**EXERCISE INSTRUCTIONS:** Beginning at the line containing "write plays because" in the material below and ending at the line containing "Sunrise At Beavertail", return each line exactly and add nothing.
=== INPUT ===
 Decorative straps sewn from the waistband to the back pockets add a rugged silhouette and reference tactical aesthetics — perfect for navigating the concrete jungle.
===
=== INPUT ===
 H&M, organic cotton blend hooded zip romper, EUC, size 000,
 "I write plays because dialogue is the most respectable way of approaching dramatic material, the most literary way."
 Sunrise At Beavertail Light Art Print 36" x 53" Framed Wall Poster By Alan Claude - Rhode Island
===
=== INPUT ===
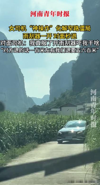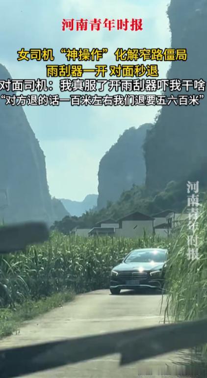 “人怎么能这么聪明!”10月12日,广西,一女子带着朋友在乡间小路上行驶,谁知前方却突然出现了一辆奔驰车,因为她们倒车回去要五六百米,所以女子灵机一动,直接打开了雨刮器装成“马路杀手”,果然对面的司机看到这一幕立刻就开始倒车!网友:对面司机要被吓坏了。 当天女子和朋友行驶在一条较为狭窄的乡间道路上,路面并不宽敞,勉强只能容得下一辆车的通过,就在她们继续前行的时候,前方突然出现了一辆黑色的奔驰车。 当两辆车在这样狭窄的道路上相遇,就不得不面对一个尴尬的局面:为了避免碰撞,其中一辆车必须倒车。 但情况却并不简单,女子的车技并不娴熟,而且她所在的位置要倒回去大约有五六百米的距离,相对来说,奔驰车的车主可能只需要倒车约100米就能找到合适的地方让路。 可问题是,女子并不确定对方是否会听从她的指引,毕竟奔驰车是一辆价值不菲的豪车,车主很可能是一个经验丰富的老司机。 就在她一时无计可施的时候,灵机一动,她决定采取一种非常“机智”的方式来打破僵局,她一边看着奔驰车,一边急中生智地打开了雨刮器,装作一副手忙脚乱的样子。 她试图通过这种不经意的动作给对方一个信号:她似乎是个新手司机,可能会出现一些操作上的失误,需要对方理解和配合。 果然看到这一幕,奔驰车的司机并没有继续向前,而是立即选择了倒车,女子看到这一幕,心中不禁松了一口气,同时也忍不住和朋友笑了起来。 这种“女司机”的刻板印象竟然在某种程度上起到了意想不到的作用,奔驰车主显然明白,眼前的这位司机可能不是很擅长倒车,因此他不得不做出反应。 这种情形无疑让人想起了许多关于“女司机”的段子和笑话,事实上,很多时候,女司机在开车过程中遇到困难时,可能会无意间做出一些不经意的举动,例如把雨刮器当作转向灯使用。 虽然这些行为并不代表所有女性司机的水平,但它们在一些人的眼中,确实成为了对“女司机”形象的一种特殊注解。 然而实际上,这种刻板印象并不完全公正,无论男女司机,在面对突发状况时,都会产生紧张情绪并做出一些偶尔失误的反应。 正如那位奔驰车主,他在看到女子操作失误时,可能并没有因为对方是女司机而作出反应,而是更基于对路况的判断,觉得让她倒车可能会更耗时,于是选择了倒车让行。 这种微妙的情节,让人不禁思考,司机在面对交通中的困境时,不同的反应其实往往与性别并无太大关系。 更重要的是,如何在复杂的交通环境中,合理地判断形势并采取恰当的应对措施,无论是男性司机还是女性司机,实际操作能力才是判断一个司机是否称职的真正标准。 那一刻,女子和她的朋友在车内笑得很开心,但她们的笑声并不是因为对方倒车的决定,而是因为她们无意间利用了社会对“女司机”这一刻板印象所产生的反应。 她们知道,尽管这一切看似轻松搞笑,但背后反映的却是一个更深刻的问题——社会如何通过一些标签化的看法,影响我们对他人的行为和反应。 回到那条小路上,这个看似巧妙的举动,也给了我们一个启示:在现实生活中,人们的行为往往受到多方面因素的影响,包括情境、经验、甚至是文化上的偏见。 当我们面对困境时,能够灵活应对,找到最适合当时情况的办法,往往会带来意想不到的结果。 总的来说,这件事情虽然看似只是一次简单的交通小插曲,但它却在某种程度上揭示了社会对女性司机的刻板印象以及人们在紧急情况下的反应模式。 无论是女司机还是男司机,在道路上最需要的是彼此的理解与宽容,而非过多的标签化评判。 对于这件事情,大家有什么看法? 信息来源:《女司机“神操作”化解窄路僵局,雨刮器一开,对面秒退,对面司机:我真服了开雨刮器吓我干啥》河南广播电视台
===
**RESULT OF THE EXERCISE:**
 "I write plays because dialogue is the most respectable way of approaching dramatic material, the most literary way."
 Sunrise At Beavertail Light Art Print 36" x 53" Framed Wall Poster By Alan Claude - Rhode Island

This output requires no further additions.